BARSTOW - The parking lot is empty and the water slides are being dismantled, but an older crowd may return to the grounds of the former Discovery Water Park.

Though the application has not been fully approved by the county, efforts to turn the site near Newberry Springs into a 1,400 unit gated community for seniors over 50 are moving forward, according to Spike Lynch, a consultant for KHL Development, the current applicant for the project.

He said that the company plans to keep the park's kiddy slides and the Lazy River ride for the exclusive use of the complex's residents. Lake Delores a man-made lake in the center of the site will also remain. Multiple parks, a driving range and putting green may also be included in the project. The lake's island will be connected to the mainland with a bridge and be outfitted with tennis courts, Lynch said.

He said that the plans are still being reviewed, but the first group of up to 30 homes could be built as early as 2009. The park closed in 2003. All 10 phases of the project are planned to be built over the next five or six years. Lynch said the project had been held up by concerns about the impact of water runoff on surrounding lands.

"There were some drainage issues, but they are currently being resolved," he said.

On Tuesday, a crane operator dismantled parts of the park's several large water slides. Lynch said in the coming months contractors will remove the large hill under the slides in order to prepare for the homes. The slides will be sent to Vancouver, Canada, and used in another water park, he said.

Lynch said that the downturn in the housing market may affect demand for new homes, but he expects the project to be popular among seniors.

"Our market is the baby boomers and there's no shortage of them," Lynch said. "We will have affordable housing on a new project, unlike other projects in Southern California."

He said although prices have not been set yet, the company hopes to keep them under $200,000. He said he doesn't expect the development to dramatically alter life in Newberry Springs.
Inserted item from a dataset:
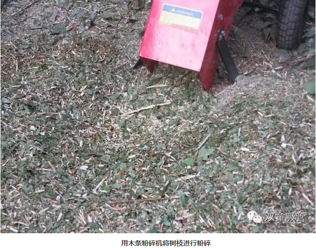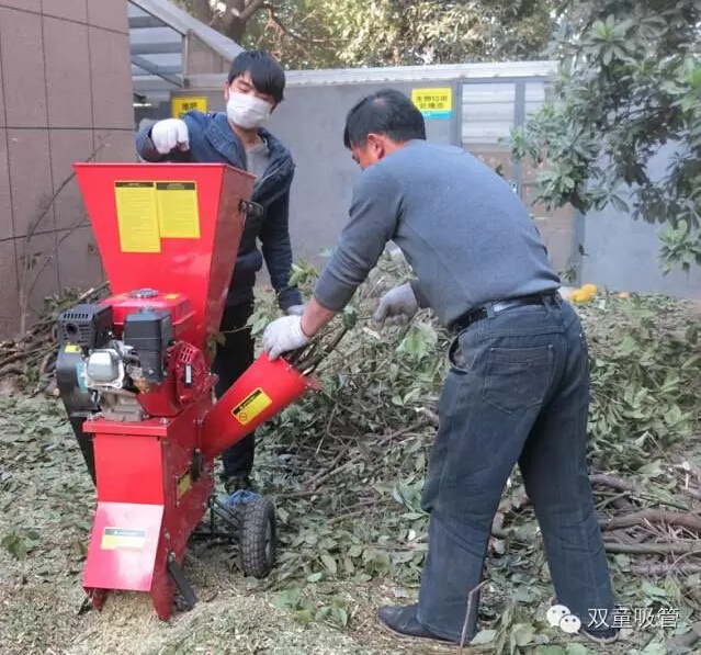 而對園林綠化維護中產(chǎn)生的樹枝枯葉等生物質(zhì)垃圾,我們則專門購置了一臺木條粉碎機,對生物質(zhì)垃圾進行粉碎處理。該物四四方方,遍體通紅,上一口,側(cè)一口,塞進去的枝葉全都絞碎成粉末,威力可真是大!

"Because it's self-sustained, with food, entertainment and everything seniors need, they won't have to impact the community a lot," he said. "We won't have to find jobs for 1,400 people."

He said he hopes locals will approve of the plans and hasn't heard much opposition to the project. He said he may make a presentation further detailing the company's plans at an upcoming meeting of the Newberry Springs Property Owners Association.

"The people of Newberry have not opposed this project," he said.

Despite Lynch's optimism, not all Newberry Springs residents welcome the project.

James Hood, who lives on the east side of the park, said he worries about the impact of the project's sewer system passing into his well.

"It's way too many houses for that small of an area," he said.

He said the county had turned down previous projects for not having adequate sewer treatment facilities and worries the Newberry Springs Volunteer Fire Department won't be able to handle the new homes.

"Any time, you have the development of a new community, the people who were there before can't afford the increase in taxes," he said.

He said that although his property values may rise, he worries about the change 1,400 new neighbors could have on his town.